*** Study material Section Begins ***

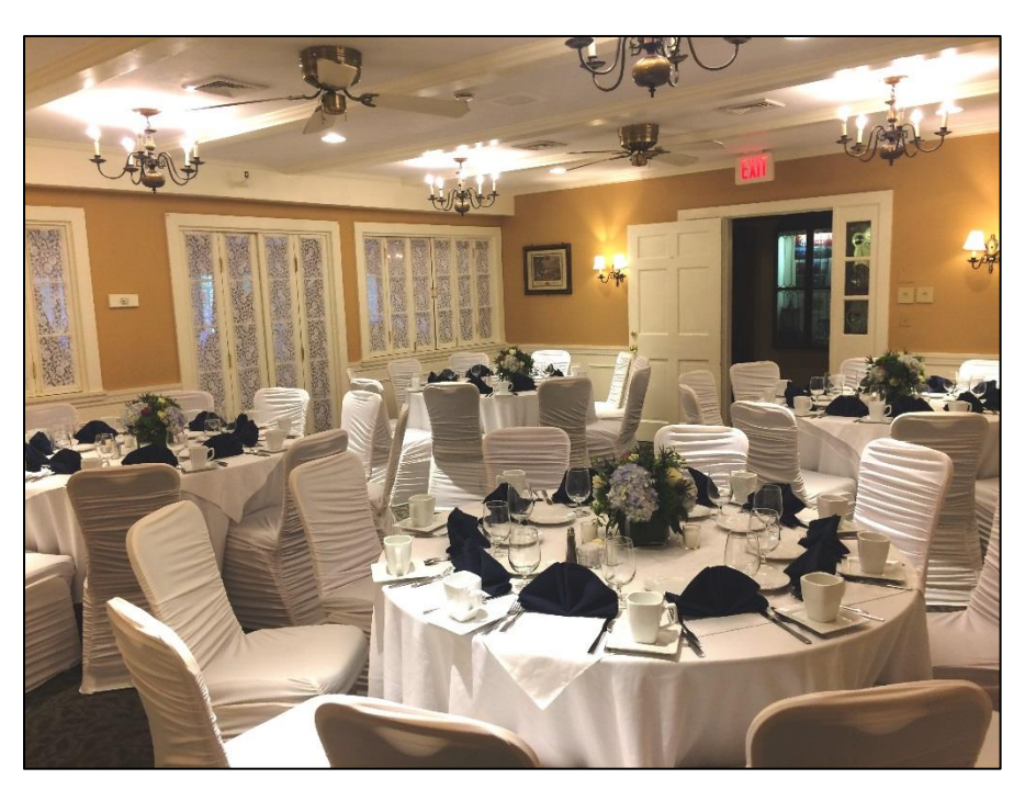
Middlesex Room with seating up to 40 people

Guaranteed Count of Attendance, with Split Count of Entrees, is Due (7) Business Days Prior to Your Event Date
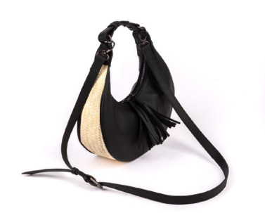
VESPERA/ H004 PALM LEAF + LEATHER
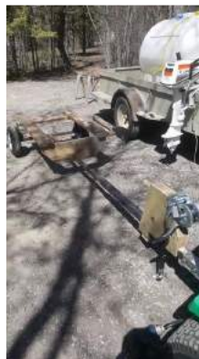
top speed at

These are a sought-after motor due to their top speed and lightweight. This little boat with two people in it moves along just fine and is far more stable than a canoe. The boat is an awkward shape but very easily moveable with two people. My father and I built a custom mini trailer for this boat to make it easier to launch and leave the outboard and gear attached. The trailer looks like a boat trailer you would normally see, only... Mini. It attaches to my ATV and
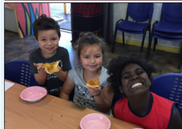
Gunbalanya Youth Centre filled the school holidays with plenty for the community to enjoy.
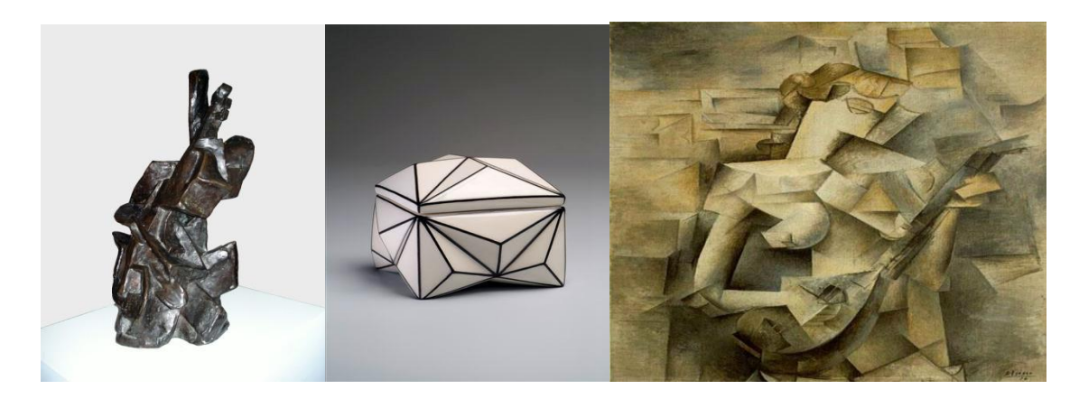
Figure 1. A B C A: Two view of the Large Horse (1914), by Raymond Duchamp-Villan. B: Ceramic Box (1912), by Bevel Janak C: Woman with Mandolin (1910), by Picasso

Cubism was a truly revolutionary style of modern art developed by Pablo Picasso and Georges Braque. Cubism derived its name from remarks that were made by the painter Henri Matisse and the critic Louis Vauxcelles, who derisively described Braque's 1908 work "Houses at L'Estaque" as being composed of cubes[8]. It was the first style of abstract art to evolve at the beginning of the twentieth century in response to a world that was changing with unprecedented speed. Cubism was an attempt on the part of artists to revitalize the tired traditions of Western art, which they believed had run their course. The Cubists challenged conventional forms of representation, such as perspective, which had been sacrosanct since the Renaissance. Cubism paved the way for geometric abstract art by placing an entirely new emphasis on the unity between the scene depicted in a picture and the surface of the canvas. Cubism is far from being an art movement confined to art history. Its legacy continues to inspire the work of many contemporary designers draw on it stylistically and, more importantly, theoretically. Its innovations would be taken up by the likes of Piet Mondrian, who continued to explore its use of the grid, its abstract system of signs, and its shallow space [4].
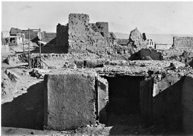
Fig. 3 During the Second Anglo-Afghan War, the British generals used public punishment as a disciplinary tool to communicate their power to the Kabul populace. This photograph, taken in 1879 in war-torn Bala Hisar, shows the hanging gallows on which they executed Afghan rebels.

what he had seen, and this sparked the deadly uprising. 86 This report, right or wrong, illustrated the power of bazaar news in shaping public opinion among Afghans.

*** Study material Section Ends ***

▸ The task: What is needed is an exact copy of all the records, minus any pictures.

▸ Written solution:
Middlesex Room with seating up to 40 people

Guaranteed Count of Attendance, with Split Count of Entrees, is Due (7) Business Days Prior to Your Event Date
VESPERA/ H004 PALM LEAF + LEATHER
top speed at

These are a sought-after motor due to their top speed and lightweight. This little boat with two people in it moves along just fine and is far more stable than a canoe. The boat is an awkward shape but very easily moveable with two people. My father and I built a custom mini trailer for this boat to make it easier to launch and leave the outboard and gear attached. The trailer looks like a boat trailer you would normally see, only... Mini. It attaches to my ATV and
Gunbalanya Youth Centre filled the school holidays with plenty for the community to enjoy.
Figure 1. A B C A: Two view of the Large Horse (1914), by Raymond Duchamp-Villan. B: Ceramic Box (1912), by Bevel Janak C: Woman with Mandolin (1910), by Picasso

Cubism was a truly revolutionary style of modern art developed by Pablo Picasso and Georges Braque. Cubism derived its name from remarks that were made by the painter Henri Matisse and the critic Louis Vauxcelles, who derisively described Braque's 1908 work "Houses at L'Estaque" as being composed of cubes[8]. It was the first style of abstract art to evolve at the beginning of the twentieth century in response to a world that was changing with unprecedented speed. Cubism was an attempt on the part of artists to revitalize the tired traditions of Western art, which they believed had run their course. The Cubists challenged conventional forms of representation, such as perspective, which had been sacrosanct since the Renaissance. Cubism paved the way for geometric abstract art by placing an entirely new emphasis on the unity between the scene depicted in a picture and the surface of the canvas. Cubism is far from being an art movement confined to art history. Its legacy continues to inspire the work of many contemporary designers draw on it stylistically and, more importantly, theoretically. Its innovations would be taken up by the likes of Piet Mondrian, who continued to explore its use of the grid, its abstract system of signs, and its shallow space [4].
Fig. 3 During the Second Anglo-Afghan War, the British generals used public punishment as a disciplinary tool to communicate their power to the Kabul populace. This photograph, taken in 1879 in war-torn Bala Hisar, shows the hanging gallows on which they executed Afghan rebels.

what he had seen, and this sparked the deadly uprising. 86 This report, right or wrong, illustrated the power of bazaar news in shaping public opinion among Afghans.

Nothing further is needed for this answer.